Spoorzone

De westgrens van de middeleeuwse stad

In oktober 2017 heeft langs de Nijverheidsstraat, Nieuw Delft – Veld 8, ten behoeve  van de gebiedsontwikkeling Spoorzone Delft een kleine opgraving plaatsgevonden. Uit vooronderzoek was gebleken dat hier sprake was van een intacte stenen fundering van een gebouwtje met een waterput. Tijdens de opgraving is de fundering van dit gebouw en het direct omliggende gebied volledig vrijgelegd en onderzocht. De fundering hoort bij een rechthoekig vertrek uit het einde van de 17e en/of begin van de 18e eeuw, waarvan het opgaand muurwerk tot op het toenmalige maaiveld is afgebroken. Het betreft een klein vertrek van 2,5 m bij 1 m, waarvan tot bijna een meter onder maaiveld de funderingen bewaard waren. Op merkelijk is dat voor de lange noordzijde gebruik is gemaakt van een vakkundig uitgevoerde spaarboogconstructie. Onder de hoeken en zijden van  de fundering zijn houten funderingsplanken en –balken aangetroffen. De zuidelijke zijde loopt in oostelijke richting verder door en meet in totaal 5,5 m. In de oostelijke hoek was een stenen, bijna vierkante bak vervaardigd die dienst deed als latrine. Een deel van de noordwesthoek van de latrine is weggebroken om ruimte te maken voor de stenen mantel van een waterput. Onder de stenen mantel van de waterput bevond zich aan de basis nog een houten ton. De ton had zich gevuld met zand, waardoor de put in onbruik is geraakt. Bovenop het zandpakket werden meerdere voorwerpen gevonden die bij het in onbruik raken van de put erin zijn gegooid. Deze vondsten geven een duidelijke einddatering van het gebruik van de put in de eerste helft van de 18e eeuw.  Achter het gebouw zijn langs de sloot nog enkele dikke houten palen teruggevonden.
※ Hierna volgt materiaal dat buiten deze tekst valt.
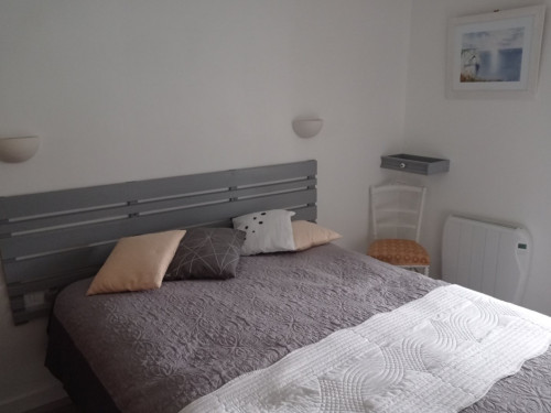 Une chambre pour 2 personnes lit 140x190 avec couvertures, meuble bas et 2 chaises.
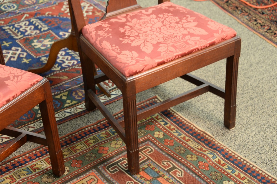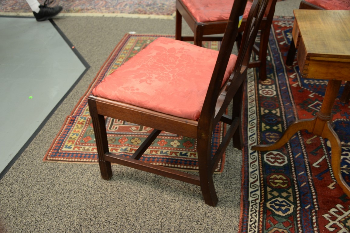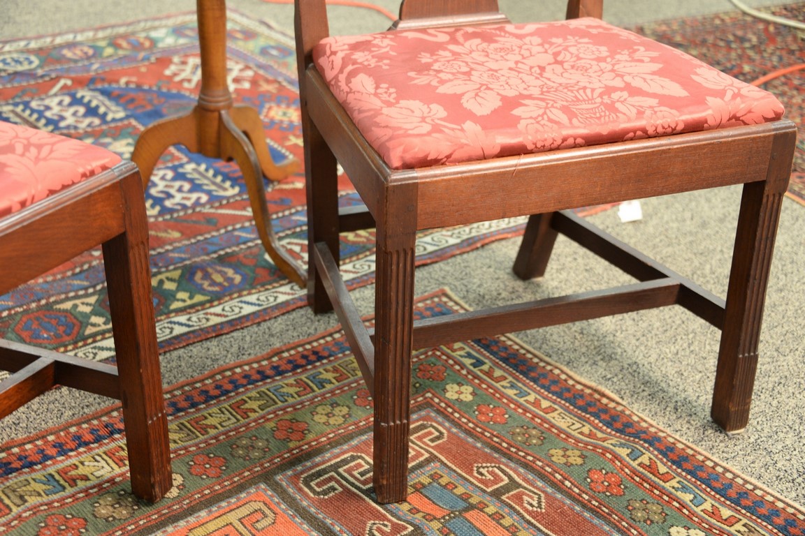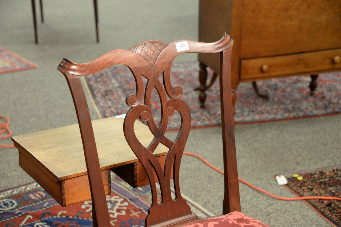Lot 353: Set of three mahogany Chippendale side chairs having carved and cross thatched crest rail over open carved splat with slip seats all…

Mogelijk zijn die nog met houten constructie verband te brengen.

 

 

Het gebouwtje bevindt zich langs de zuidzijde in een sloot die ter hoogte van de westhoek een haakse bocht maakt naar het noorden. Daarmee ligt het gebouwtje in de oksel van de sloot en stond de lange zijde letterlijk in het water. Zowel ten westen als ten oosten van het gebouw is de sloot beschoeid met tussen houten palen geplaatste planken. De sloot was ook de plek, waarin de latrine werd geleegd. Hiervoor stond het stortgat rechtstreeks met de sloot in verbinding. Het gat was afgesloten met een door palen gefixeerde plank.

Dat op deze plek in de 18e eeuw een gebouw heeft gestaan weten we ook uit historisch kaartmateriaal. Op de kaart van Kruikius uit 1712 staat hier langs de noordelijke bermsloot van de Crommelinlaan een gebouw afgebeeld dat op latere kaarten is verdwenen. Het gebouw maakt onderdeel uit van een ommuurd blok waarbinnen boomgaarden en tuinen staan afgebeeld. Langs de lange zijden staan enkele gebouwtje afgebeeld die we wellicht als tuinhuizen moeten interpreteren. Vanwege de aanwezigheid van de latrine en de waterput lijkt sprake van permanente bewoning. Echter de omvang van het gebouwtje duidt eerder op een tijdelijk gebruik. Mogelijk viel dat samen met seizoensgebonden tuinbouwactiviteiten, waarbij groenten en fruit werden geoogst. En men voor enkele dagen buiten de stad verbleef. Dat hier kersen, pruimen en andere vruchten voorradig waren is wel gebleken uit de grote hoeveelheden pitten van deze vruchten die zijn aangetroffen in de latrine.